++++ DATA FOR THE TASK ++++
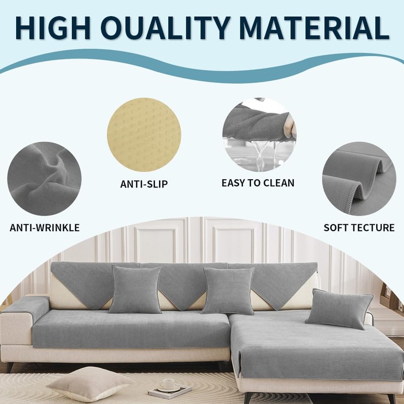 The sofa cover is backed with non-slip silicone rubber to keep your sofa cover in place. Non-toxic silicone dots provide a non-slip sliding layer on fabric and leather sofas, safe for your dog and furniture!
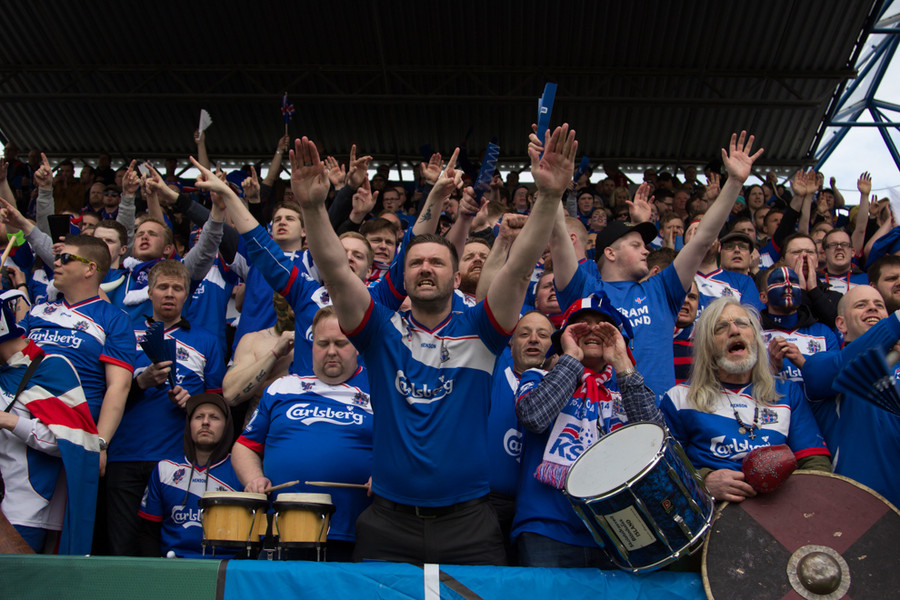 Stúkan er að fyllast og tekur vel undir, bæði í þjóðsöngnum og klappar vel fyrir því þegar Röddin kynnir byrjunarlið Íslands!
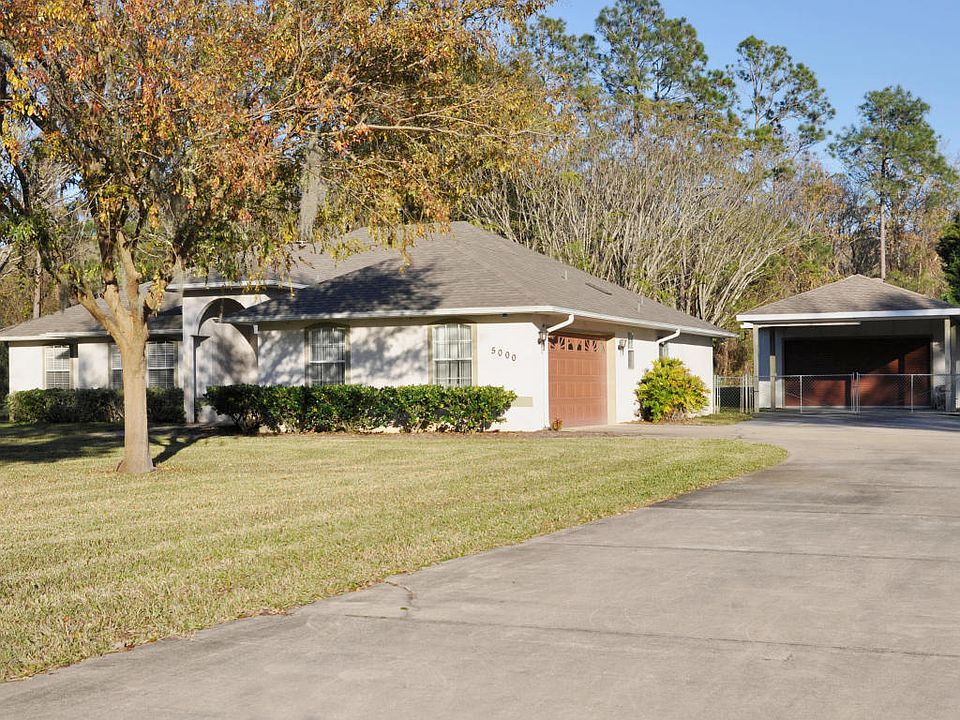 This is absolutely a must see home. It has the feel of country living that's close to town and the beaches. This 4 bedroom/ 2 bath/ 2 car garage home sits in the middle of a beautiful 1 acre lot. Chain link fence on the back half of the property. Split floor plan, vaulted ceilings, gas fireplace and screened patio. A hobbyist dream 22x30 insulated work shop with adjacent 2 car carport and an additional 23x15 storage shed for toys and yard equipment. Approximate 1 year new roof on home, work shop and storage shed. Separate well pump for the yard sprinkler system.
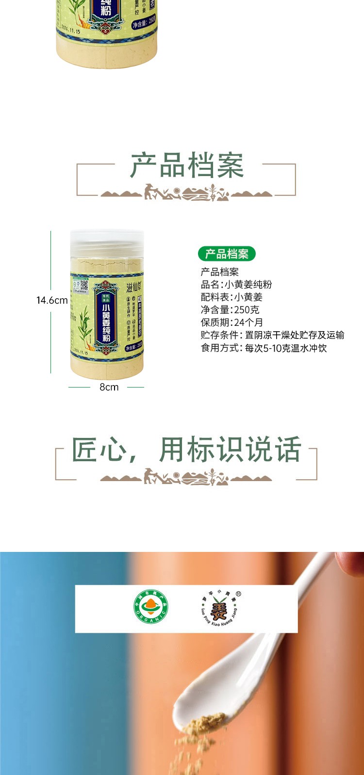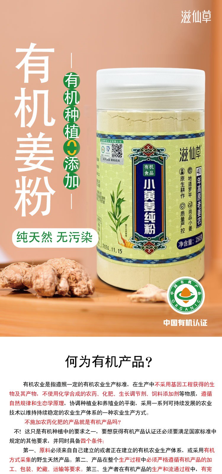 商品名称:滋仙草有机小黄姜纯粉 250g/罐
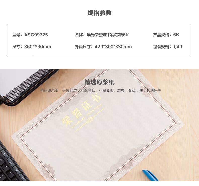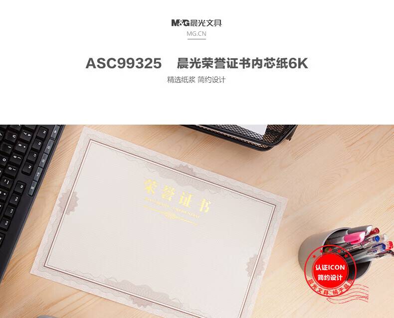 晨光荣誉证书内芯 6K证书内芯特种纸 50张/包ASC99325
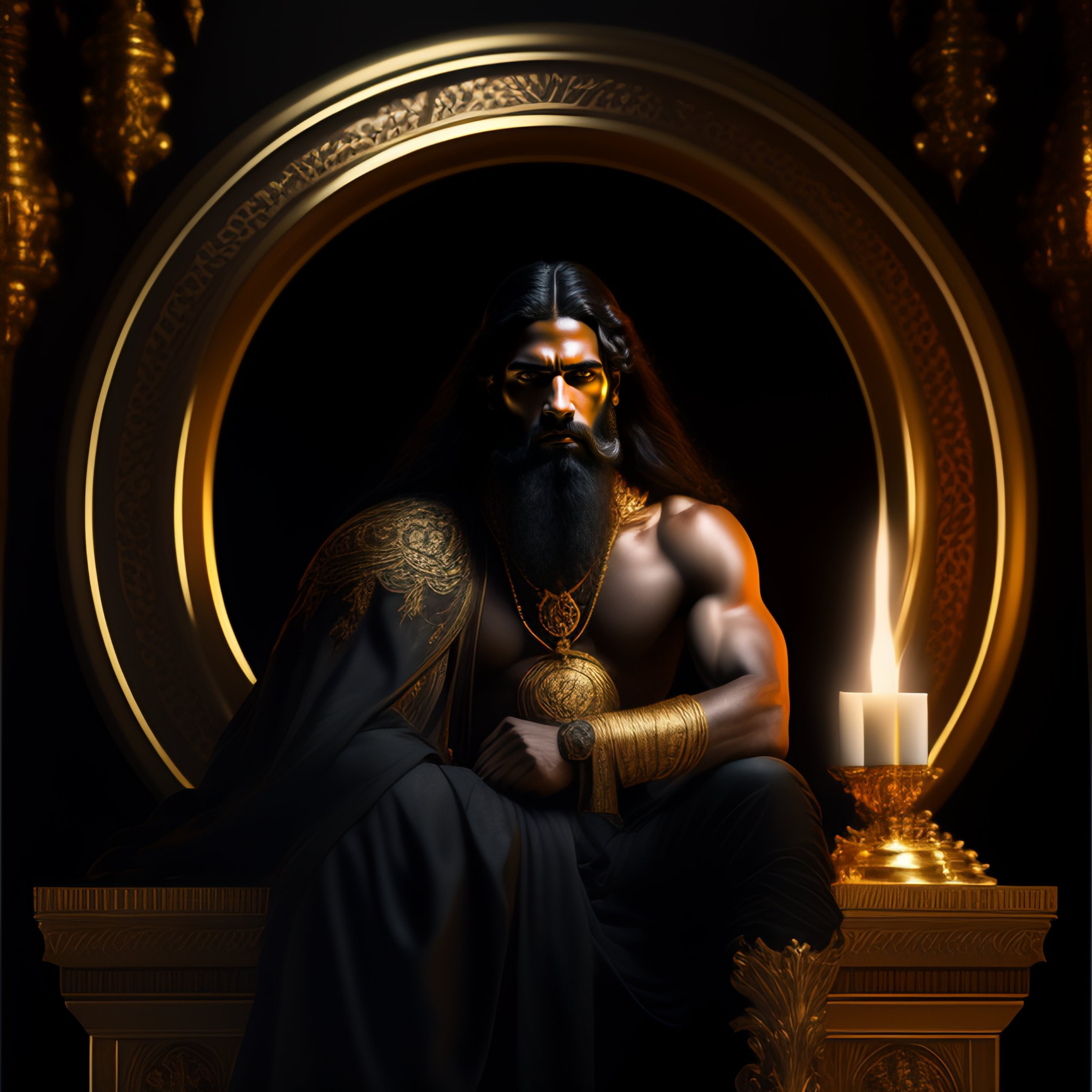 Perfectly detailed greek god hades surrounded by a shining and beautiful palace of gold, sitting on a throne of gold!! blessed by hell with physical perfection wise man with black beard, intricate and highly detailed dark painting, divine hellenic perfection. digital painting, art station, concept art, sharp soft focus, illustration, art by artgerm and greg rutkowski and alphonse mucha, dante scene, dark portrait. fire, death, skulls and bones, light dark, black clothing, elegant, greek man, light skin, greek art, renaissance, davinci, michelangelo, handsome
++++
**YOUR ASSIGNMENT:** The required result is an exact copy of the lines from the line containing "晨光荣誉证书内芯 6K证书内芯特种纸 50张/包ASC99325" through the end of the entries, with every picture left out.

**RESPONSE TO THIS EXERCISE:**
 晨光荣誉证书内芯 6K证书内芯特种纸 50张/包ASC99325
 Perfectly detailed greek god hades surrounded by a shining and beautiful palace of gold, sitting on a throne of gold!! blessed by hell with physical perfection wise man with black beard, intricate and highly detailed dark painting, divine hellenic perfection. digital painting, art station, concept art, sharp soft focus, illustration, art by artgerm and greg rutkowski and alphonse mucha, dante scene, dark portrait. fire, death, skulls and bones, light dark, black clothing, elegant, greek man, light skin, greek art, renaissance, davinci, michelangelo, handsome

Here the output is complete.